All kinds of data about SQL Server indexes

Like the columns view, the indexes view obtains much of the detailed information about a table’s indexes, including whether it has a clustered index or a primary key, how many non-clustered indexes exist, and how many indexes are unique / filtered / XML / spatial.

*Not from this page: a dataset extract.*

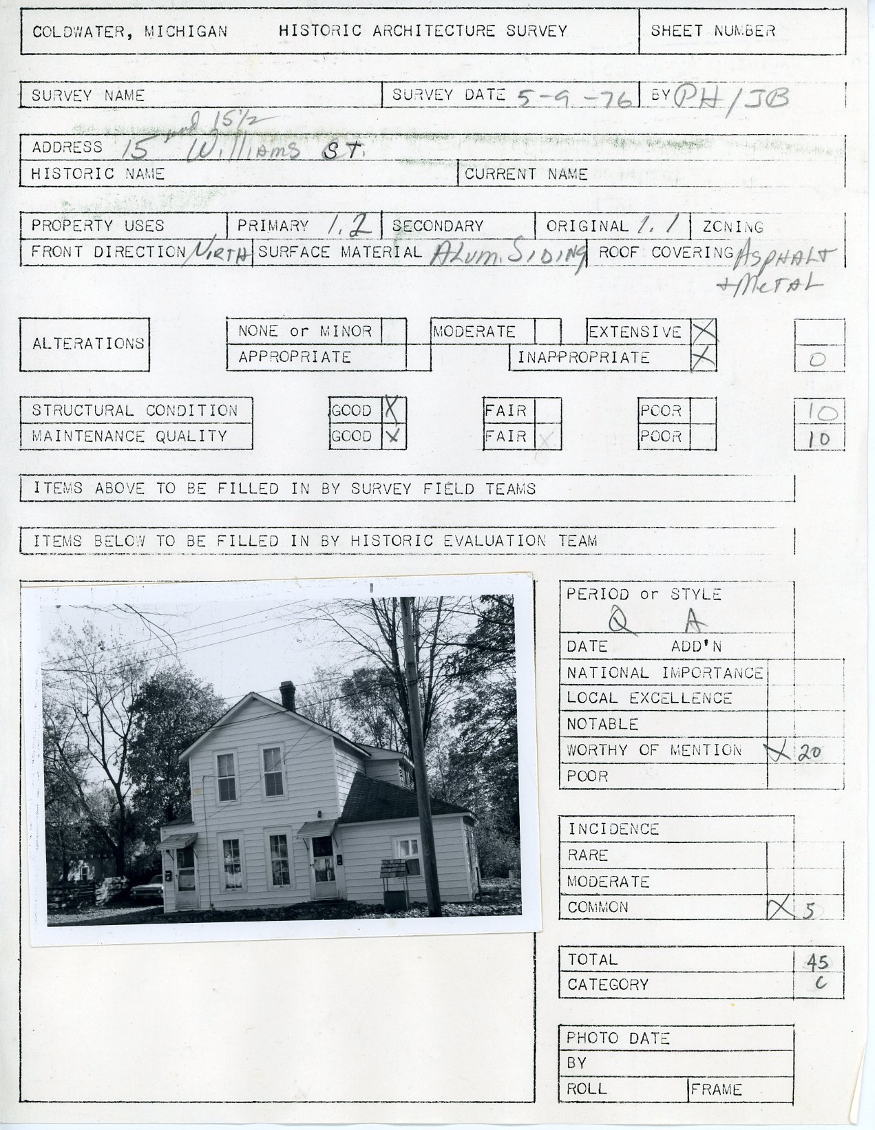 Architectural survey of 15-15 1/2 Williams in Coldwater, Michigan conducted on May 9, 1976.

CREATE VIEW metadata.indexes
AS
  SELECT 
    i.[object_id],
    i.has_clustered_index,
    i.has_primary_key,
    i.unique_index_count,
    i.filtered_index_count,
    p.nonclustered_index_count,
    p.xml_index_count,
    p.spatial_index_count
  FROM
  (
    SELECT [object_id],
      has_clustered_index = MIN(index_id),
      has_primary_key = MAX(CONVERT(TINYINT,is_primary_key)),
      unique_index_count = COUNT(CASE WHEN is_unique = 1 THEN 1 END),
      filtered_index_count = COUNT(CASE WHEN has_filter = 1 THEN 1 END)
    FROM sys.indexes AS i
    GROUP BY i.[object_id]
  ) AS i
  LEFT OUTER JOIN
  (
    SELECT [object_id], 
      nonclustered_index_count = COALESCE([2],0), 
      xml_index_count = COALESCE([3],0), 
      spatial_index_count = COALESCE([4],0)
      -- columnstore, hash etc. too if you like
    FROM 
    (
      SELECT [object_id], [type], c = COUNT(*)
      FROM sys.indexes 
      GROUP BY [object_id], [type]
    ) AS x
    PIVOT (MAX(c) FOR type IN ([2],[3],[4],[5],[6],[7])) AS p
  ) AS p
  ON i.[object_id] = p.[object_id];

Number of default and check constraints

This view returns the number of default and check constraints associated with a given object.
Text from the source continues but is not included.